Excellence vs. Grades and Measurement

Quantitive analysis, useful though it be, is frequently problematic. Grades are an excellent example.

Imagine an airline, XYZ Airlines, advertising “Fly XYZ, where 9 out of ten planes land safely!” 90% -- an A minus! Pretty good, no? Or how about this: “Eat at Joe’s , where only 1 in 10 people get sick.” Imagine your favorite music. What would happen if the musicians played one of every 100 notes incorrectly? Get those bozos off the stage!

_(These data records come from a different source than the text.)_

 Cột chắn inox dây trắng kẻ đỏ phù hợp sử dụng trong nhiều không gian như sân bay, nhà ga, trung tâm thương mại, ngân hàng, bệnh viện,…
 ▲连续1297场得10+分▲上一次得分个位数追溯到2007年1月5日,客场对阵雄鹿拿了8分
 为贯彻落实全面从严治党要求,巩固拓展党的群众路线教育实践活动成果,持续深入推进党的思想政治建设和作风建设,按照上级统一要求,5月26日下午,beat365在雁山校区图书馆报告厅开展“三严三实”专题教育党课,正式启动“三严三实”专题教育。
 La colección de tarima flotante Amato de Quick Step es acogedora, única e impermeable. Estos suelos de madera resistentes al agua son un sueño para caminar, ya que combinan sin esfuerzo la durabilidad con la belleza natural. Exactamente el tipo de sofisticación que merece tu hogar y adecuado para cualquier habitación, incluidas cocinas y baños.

Suppose you buy a toaster. When you get it home, will you accept that it “mostly” makes toast? Or “eventually” makes toast? Probably not--if it doesn’t make perfect toast on demand, you’ll be back at the store with attitude. And when you’re there, will you care that they worked really hard on it? Or that they had a difficult week? I think not. Here’s the problem with clinging to grades, to numbers—yet people do.

That is, as long as it suits them. When a management consultant team moves into the workplace and purports to measure performance, the employee response is generally “You can’t really measure what we do.” As Kenneth Blanchard puts it, “Well, if we can’t measure any difference, then why don’t we just eliminate it?” People get interested in measuring performance quickly.

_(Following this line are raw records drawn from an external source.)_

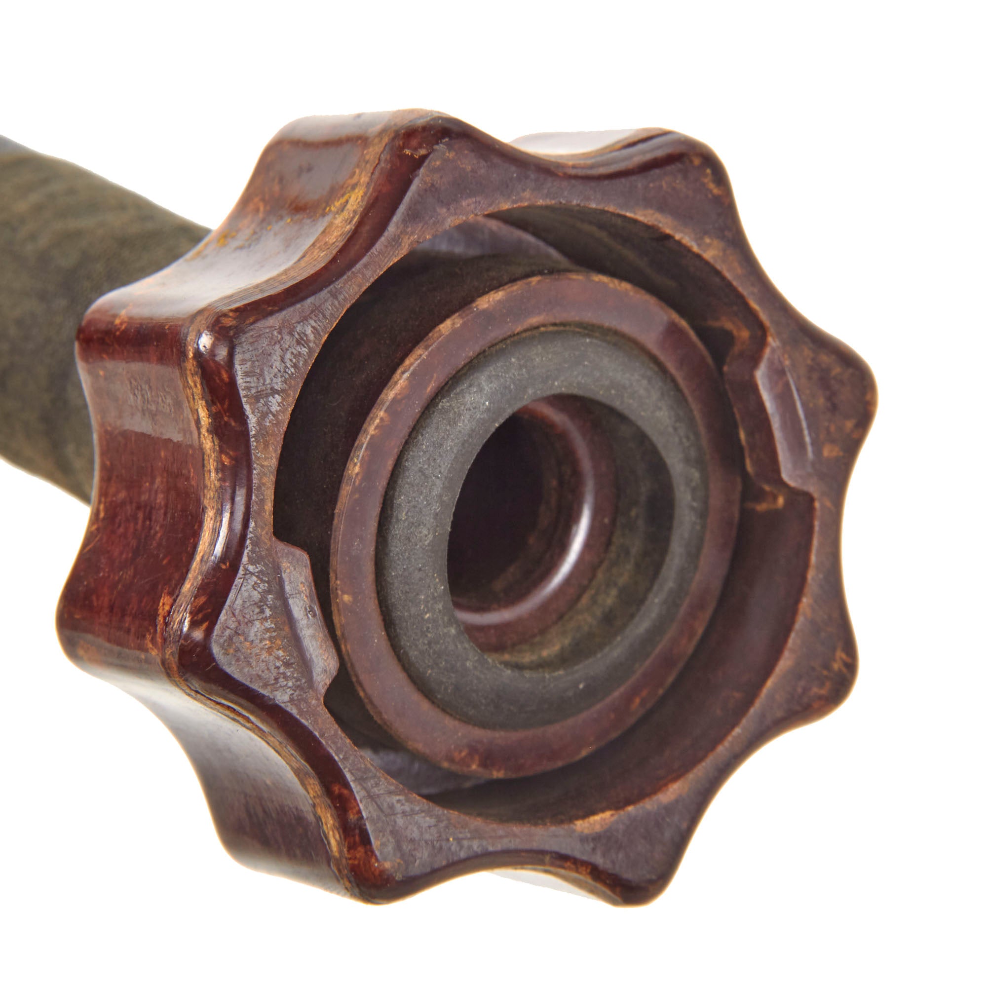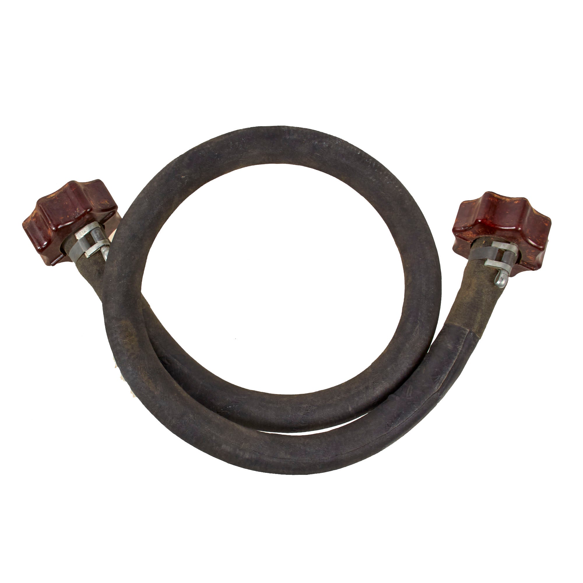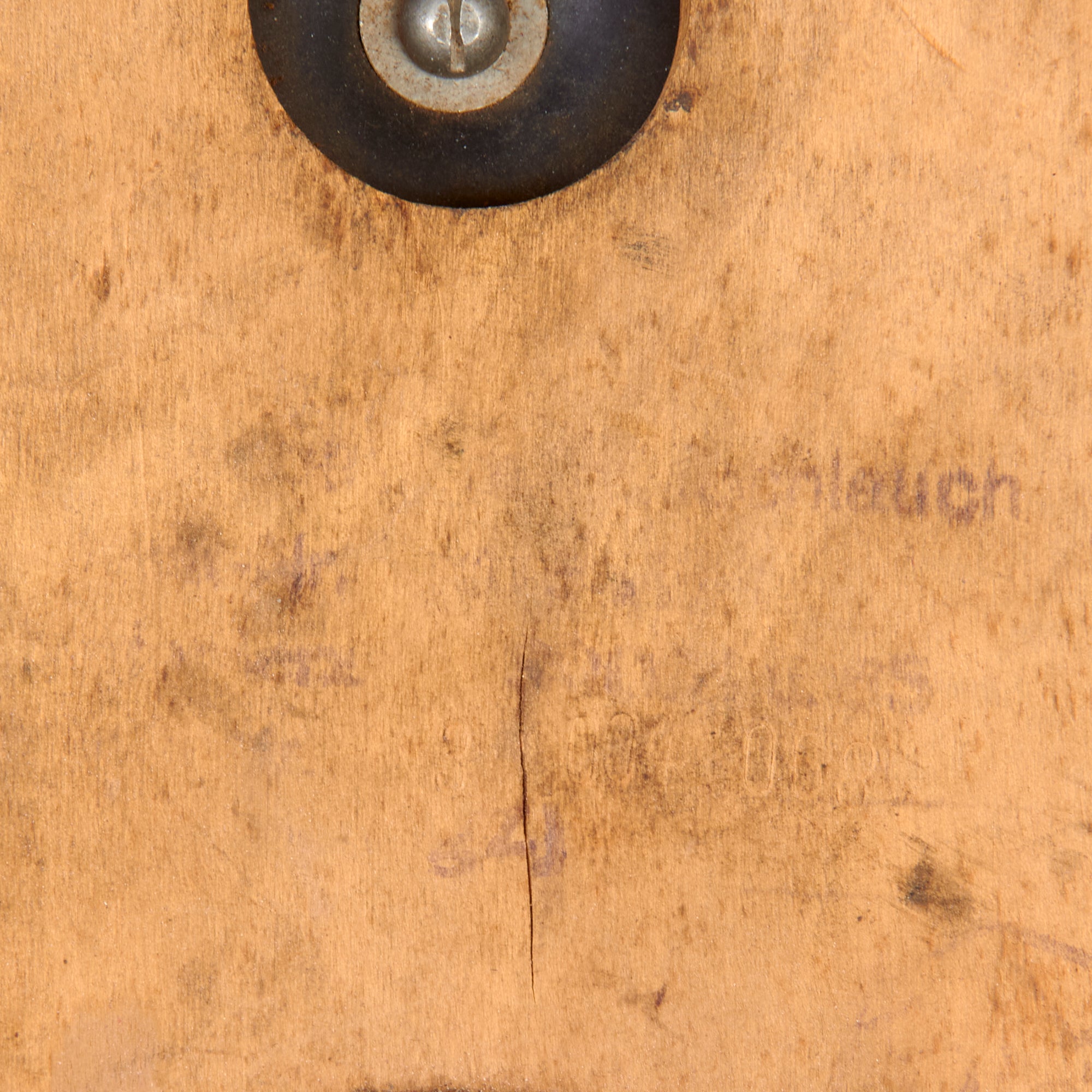 There is basic wear but the set is in great shape. The foot pump is in very good condition for its age. It still works, and the bakelite fittings are in great shape. There are faint stamps in the wood but none of them are intact enough to read. The pump itself measures 7 ¼ x 9 x 12”. The rubberized tube is roughly 36” at the most we could stretch it.
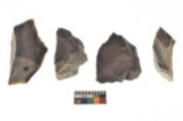 | Description / विवरण | There are n 4 utilized flake cores. There are multi directional irregular scar pattern on both dorsal and ventral face of the flake cores. One has sharp edge and three have blunted edges. |
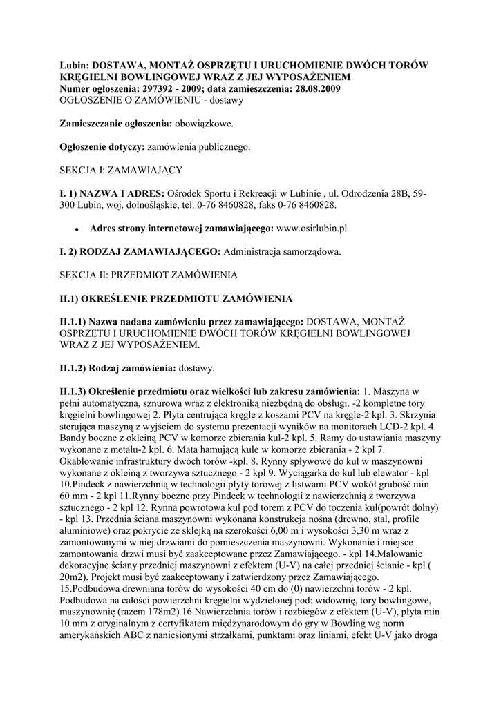 Lubin: DOSTAWA, MONTAŻ OSPRZĘTU I URUCHOMIENIE DWÓCH TORÓW KRĘGIELNI BOWLINGOWEJ WRAZ Z JEJ WYPOSAŻENIEM Numer ogłoszenia: 297392 - 2009; data zamieszczenia: 28.08.2009 OGŁOSZENIE O ZAMÓWIENIU - dostawy Zamieszczanie ogłoszenia: obowiązkowe. Ogłoszenie dotyczy: zamówienia publicznego. SEKCJA I: ZAMAWIAJĄCY I. 1) NAZWA I ADRES: Ośrodek Sportu i Rekreacji w Lubinie , ul. Odrodzenia 28B, 59300 Lubin, woj. dolnośląskie, tel. 0-76 8460828, faks 0-76 8460828. Adres strony internetowej zamawiającego: www.osirlubin.pl I. 2) RODZAJ ZAMAWIAJĄCEGO: Administracja samorządowa. SEKCJA II: PRZEDMIOT ZAMÓWIENIA II.1) OKREŚLENIE PRZEDMIOTU ZAMÓWIENIA II.1.1) Nazwa nadana zamówieniu przez zamawiającego: DOSTAWA, MONTAŻ OSPRZĘTU I URUCHOMIENIE DWÓCH TORÓW KRĘGIELNI BOWLINGOWEJ WRAZ Z JEJ WYPOSAŻENIEM. II.1.2) Rodzaj zamówienia: dostawy. II.1.3) Określenie przedmiotu oraz wielkości lub zakresu zamówienia: 1. Maszyna w pełni automatyczna, sznurowa wraz z elektroniką niezbędną do obsługi. -2 kompletne tory kręgielni bowlingowej 2. Płyta centrująca kręgle z koszami PCV na kręgle-2 kpl. 3. Skrzynia sterująca maszyną z wyjściem do systemu prezentacji wyników na monitorach LCD-2 kpl. 4. Bandy boczne z okleiną PCV w komorze zbierania kul-2 kpl. 5. Ramy do ustawiania maszyny wykonane z metalu-2 kpl. 6. Mata hamującą kule w komorze zbierania - 2 kpl 7. Okablowanie infrastruktury dwóch torów -kpl. 8. Rynny spływowe do kul w maszynowni wykonane z okleiną z tworzywa sztucznego - 2 kpl 9. Wyciągarka do kul lub elewator - kpl 10.Pindeck z nawierzchnią w technologii płyty torowej z listwami PCV wokół grubość min 60 mm - 2 kpl 11.Rynny boczne przy Pindeck w technologii z nawierzchnią z tworzywa sztucznego - 2 kpl 12. Rynna powrotowa kul pod torem z PCV do toczenia kul(powrót dolny) - kpl 13. Przednia ściana maszynowni wykonana konstrukcja nośna (drewno, stal, profile aluminiowe) oraz pokrycie ze sklejką na szerokości 6,00 m i wysokości 3,30 m wraz z zamontowanymi w niej drzwiami do pomieszczenia maszynowni. Wykonanie i miejsce zamontowania drzwi musi być zaakceptowane przez Zamawiającego. - kpl 14.Malowanie dekoracyjne ściany przedniej maszynowni z efektem (U-V) na całej przedniej ścianie - kpl ( 20m2). Projekt musi być zaakceptowany i zatwierdzony przez Zamawiającego. 15.Podbudowa drewniana torów do wysokości 40 cm do (0) nawierzchni torów - 2 kpl. Podbudowa na całości powierzchni kręgielni wydzielonej pod: widownię, tory bowlingowe, maszynownię (razem 178m2) 16.Nawierzchnia torów i rozbiegów z efektem (U-V), płyta min 10 mm z oryginalnym z certyfikatem międzynarodowym do gry w Bowling wg norm amerykańskich ABC z naniesionymi strzałkami, punktami oraz liniami, efekt U-V jako droga lub pas startowy 17.Rynny boczne na torach wykonane z tworzywa sztucznego - 2 kpl 18.Capipng na torach wykonany z tworzywa sztucznego efekt (GLOW) - 2 kpl 19.System spalonego na torach, fotokomórki + lusterka w obudowie - 2 kpl 20.Wyciągarka elektryczna kul na rozbiegu z podajnikiem na min 10 kul - kpl 21.Listwy ALU do obrobienia krawędzi rozbiegu - kpl 22.Monitory min LCD 40 cala do wyświetlania wyników gry - 2 kpl 23.Konsola do ustawiania parametrów gry przy torze jako monitor dotykowy LCD min: 15 cala - 2 kpl. Konsole powinny być ustawione na odpowiedniej wysokości oraz kącie pochylenia, który uniemożliwiałby ustawianie na nich przedmiotów, które mogłyby je uszkodzić lub zalać. Konsole mają być zamontowane osobno dla każdego z torów i obsługiwać indywidualnie każdy z torów. 24.System(program) prezentacji wyników i sterowania na monitorach torowych umożliwiający: - programowanie nazwisk i imion graczy -ustawianie min: 10 języków dla graczy w tym polski -ustawianie dźwięku na monitorach torowych do kolekcji filmów po każdym rzucie -szkoła gry tzn: propozycja rzutu w drugim rzucie jeśli pierwszy nie zbił 10 kręgli -prowadzenie gry wg zasad Bowling wg norm (ABC) możliwość wezwania barmana konsoli torowej LCD na centralny komputer -ustawianie korekcji rzutu przy błędzie gracza lub systemu sterowania z konsoli przy torach - kpl 25.Kręgle do gry z efektem (U-V) - 25 szt. 26.Kule do gry w rozmiarach od 8 do 15 lbs - 20 szt. 27.Buty specjalne do gry w Bowling - rozmiary według zamawiającego- 25 par. 28.Centralny system wraz z programem do uruchamiania torów z możliwością sprzedaży czasu gry lub gier na torach, drukowanie wyników gier, kodowanie pracowników obsługi, pełne rozliczenie kasy oraz raporty torowe, dzienne i miesięczne, sprzedaż butów złożony z PC + monitor LCD min 17 cala +drukarka, kasa fiskalna (VAT), myszka, klawiatura, UPS kpl 29.Dostawa kręgielni do Lubina + rozładunek - kpl 30.Przeszkolenie pracowników obsługi kręgielni z zasad obsługi kręgielni - kpl 31.Olej specjalistyczny do smarowania torów kręgielni Bowling 5 Gal - 1 kpl 32.Płyn specjalistyczny do mycia torów kręgielni 5 Gal - 1 kpl 33.Maszyna automatyczna do mycia i oliwienia torów o poniższych parametrach: automatyczne programowanie cyklów mycia i oliwienia -czas mycia i oliwienia Toru nie dłuższy niż 2 minuty -maszyna samojezdna na torze -możliwość ustawiania parametrów oliwienia z pozycji PC wg zadanych parametrów, -pamięć maszyny min. 4 programy automatyczne -maszyna posiadająca min: 6 padów do oliwienia torów - kpl 34.Podest drewniany wypełniający całą szerokość i długość powierzchni pomiędzy ścianami a torami kręgielni oraz na długości torów i rozbiegu do ściany przedniej maszynowni na wysokości 40 cm. Całość powierzchni obłożona wykładziną z efektem U-V - kpl 35.Podest drewniany o wysokości 40 cm pod siedliska ze stolikami dla graczy i widzów na szerokości i długości powierzchni dołączonej do rozbiegów torów. Całość powierzchni obłożona wykładziną z efektem (U-V) - kpl 36.Schody wejściowe umożliwiające wejście na na podest drewniany obłożone wykładzi

On the other hand, all too often a “survey” or “study” is reduced to a questionnaire. Easy to collate data, yes, but such approaches, all to common, also amount to little more than leading questions. The form’s authors assume the position they’ll find, thereby dictating them. Thus, what should have been a learning experience becomes nothing more than self-affirment, not merely ignoring, but preventing all unforeseen views—and the messy, time-consuming process of collecting that information.

What’s the point of setting out to learn what you think you already know?

Excellence and its measurement don’t match.